Task material Start Marker

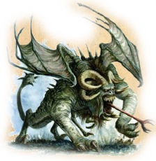 They have a thick, sticky proboscis like tongue that they can shoot out in the blink of an eye, capable of ensnaring and pulling a creature as large as a horse into the Jabberslythe's gaping mouth when it retracts. But the most horrendous of all the Jabberslythe's weapons is its vile appearance. The Jabberslythe is a creature so unsightly, a monster so disturbing to look upon, that an aura of madness surrounds it. There is something so unearthly and unsettling about these beasts that even to set eyes upon one is to go immediately and permanently insane. It is said that a Jabberslythe is so horrible to view, that even clear pools of water will not offer up a reflection. Those that look upon a Jabberslythe for too long find themselves clawing at their own eyes, crawling in tight circles, babbling nonsense rhymes in a gibberish tongue, shrieking with manic laughter, or even gutting themselves with their own weapons in their desperation to escape the nightmarish vision that has seared itself into their brains, forever haunting them.
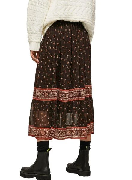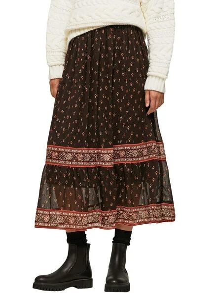 Jupe Pepe Jeans. Modèle Farala. style ethnique. Couleur marron. Printed avec fleurs et chantournage. longueur midi Taille elastique. Doublure intérieure. Tissu mousseline.
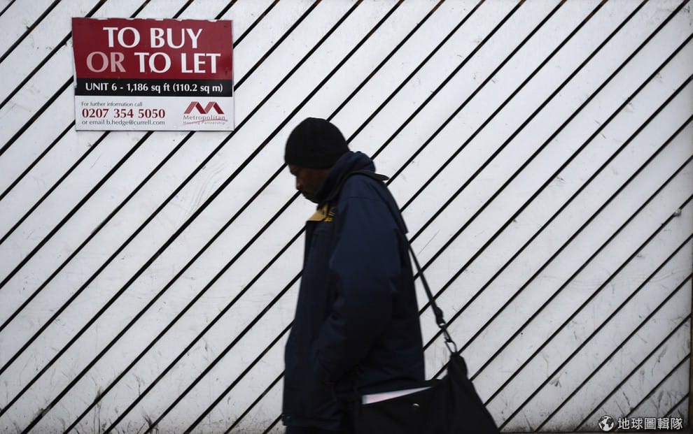 在英國街頭,一名男子走過房屋租售的牌子。對家裡空間不夠大的人來說,以租代買其實是更方便的選擇。
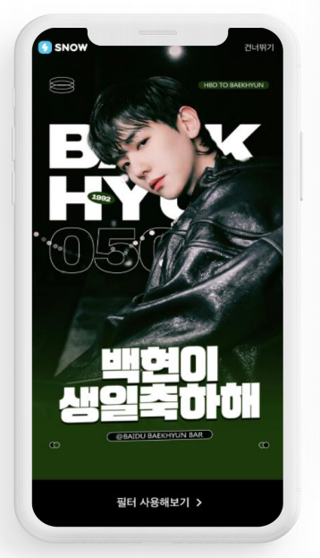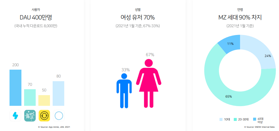 스노우는 국내 카메라 앱 유저 80% 이상이 사용하는 카메라 앱인데요!
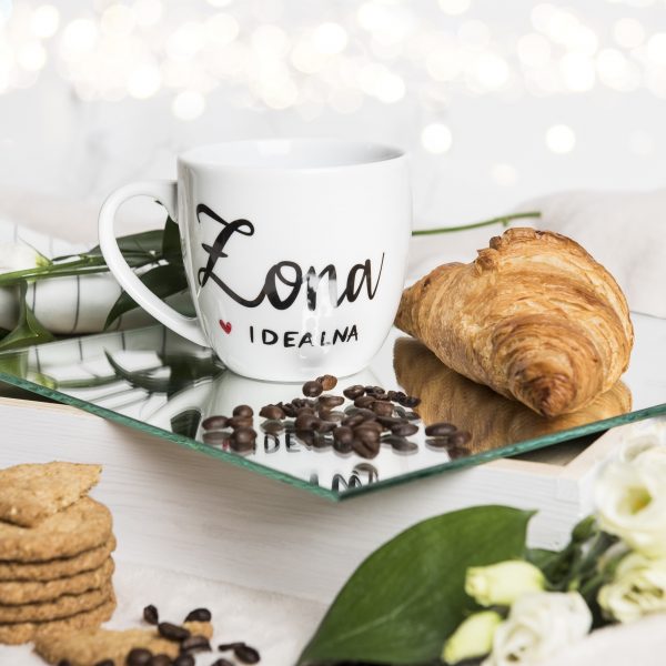 Nadzwyczajny, porcelanowy kubek z napisem - Żona idealna
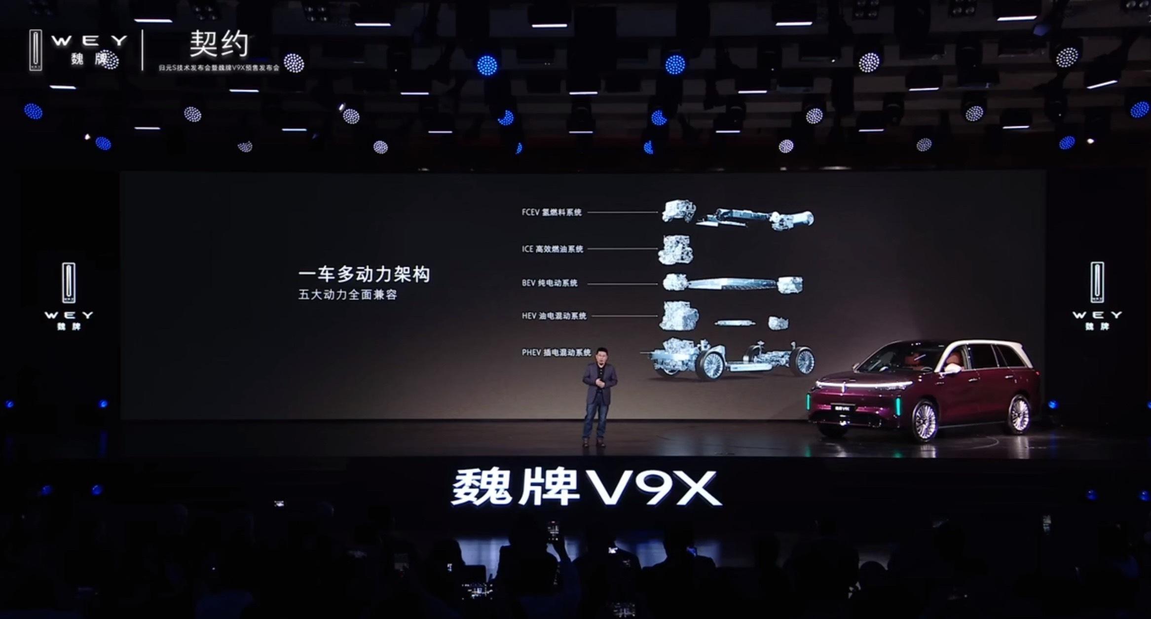 这次魏牌V9X是基于归元理念的最高技术平台打造,并且面向全球。像一车多动力,为的就是满足不同的用车需求。
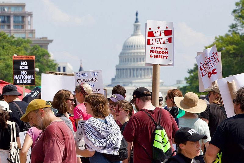 芝加哥市民当天举行抗议活动,要求“制止法西斯政权”“拒绝部队入驻”。与此同时,美国首都华盛顿同样举行要求“结束占领”的抗议活动。
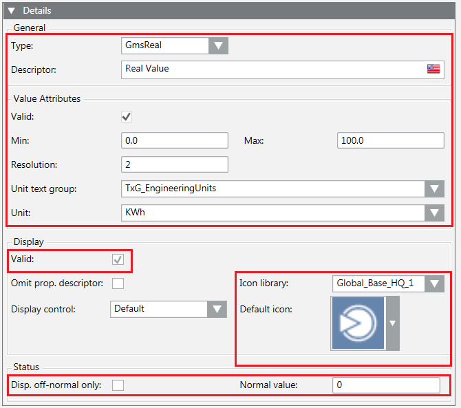 Properties | Optional | Object containing the valid range values and the resolution. For details, see Table GmsReal Properties, below. If the object is empty (“Properties”: { }), the values are reset: the range is |
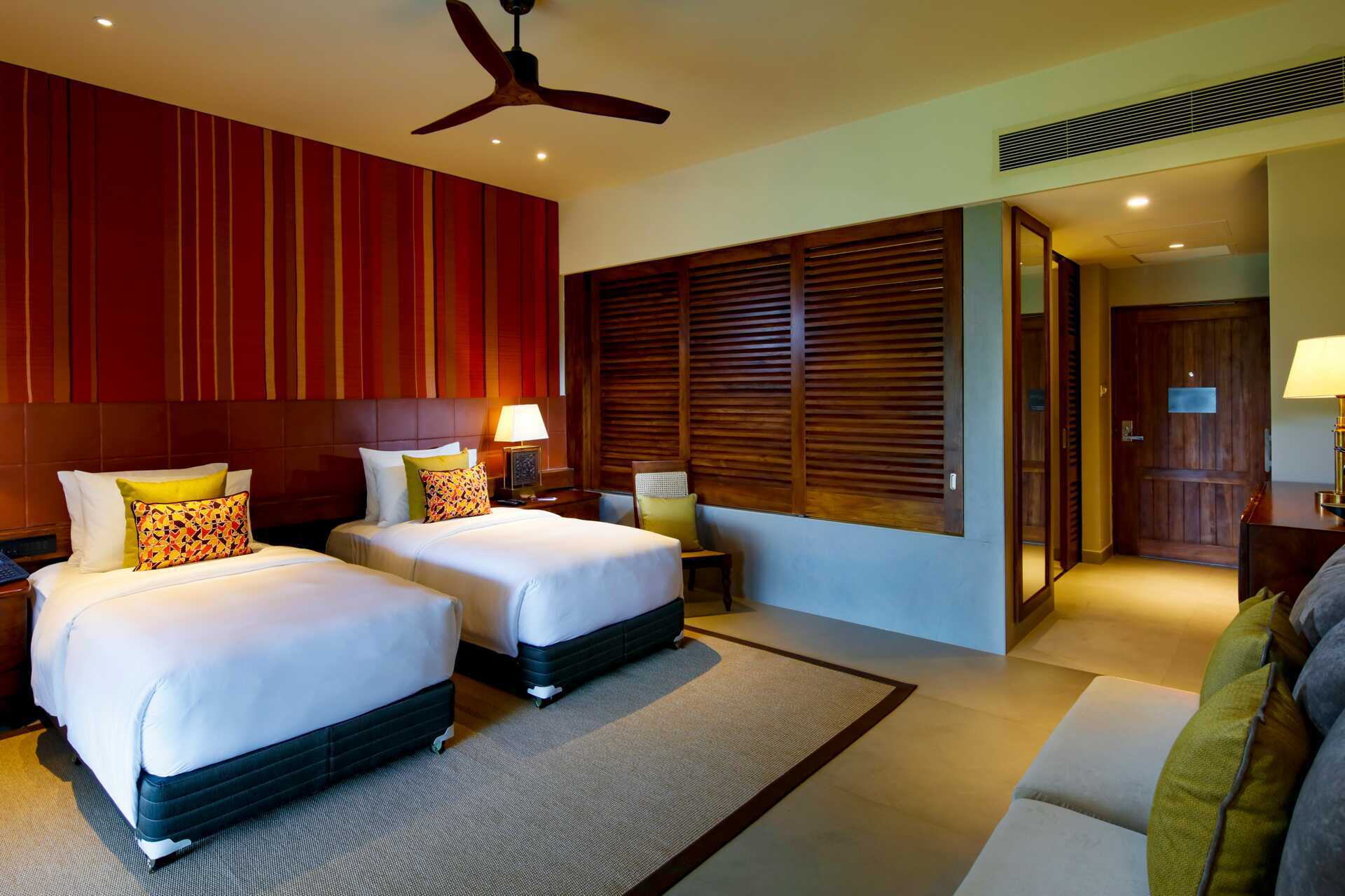 Dubbelrum med balkong eller terrass. En dubbelsäng eller två enkelsängar. Möjlighet till extrabädd i bäddsoffa. Kuddmeny. Wifi, luftkonditionering och deponering ingår. Takfläkt. Minibar mot avgift. Tv med internationella kanaler. Strykjärn och strykbräda. Badrockar och tofflor. Hårtork. Badrum med öppen planlösning till tvättställ och badkar samt separat dusch och separat wc. Städning 7 ggr/vecka.

Task material End Marker

* [What needs to be done]: Only the lines from the one containing "Nadzwyczajny, porcelanowy kubek" through the final line of the records should be retyped, exactly, with every picture omitted.

* [Exercise result]:
 Nadzwyczajny, porcelanowy kubek z napisem - Żona idealna
 这次魏牌V9X是基于归元理念的最高技术平台打造,并且面向全球。像一车多动力,为的就是满足不同的用车需求。
 芝加哥市民当天举行抗议活动,要求“制止法西斯政权”“拒绝部队入驻”。与此同时,美国首都华盛顿同样举行要求“结束占领”的抗议活动。
 Properties | Optional | Object containing the valid range values and the resolution. For details, see Table GmsReal Properties, below. If the object is empty (“Properties”: { }), the values are reset: the range is |
 Dubbelrum med balkong eller terrass. En dubbelsäng eller två enkelsängar. Möjlighet till extrabädd i bäddsoffa. Kuddmeny. Wifi, luftkonditionering och deponering ingår. Takfläkt. Minibar mot avgift. Tv med internationella kanaler. Strykjärn och strykbräda. Badrockar och tofflor. Hårtork. Badrum med öppen planlösning till tvättställ och badkar samt separat dusch och separat wc. Städning 7 ggr/vecka.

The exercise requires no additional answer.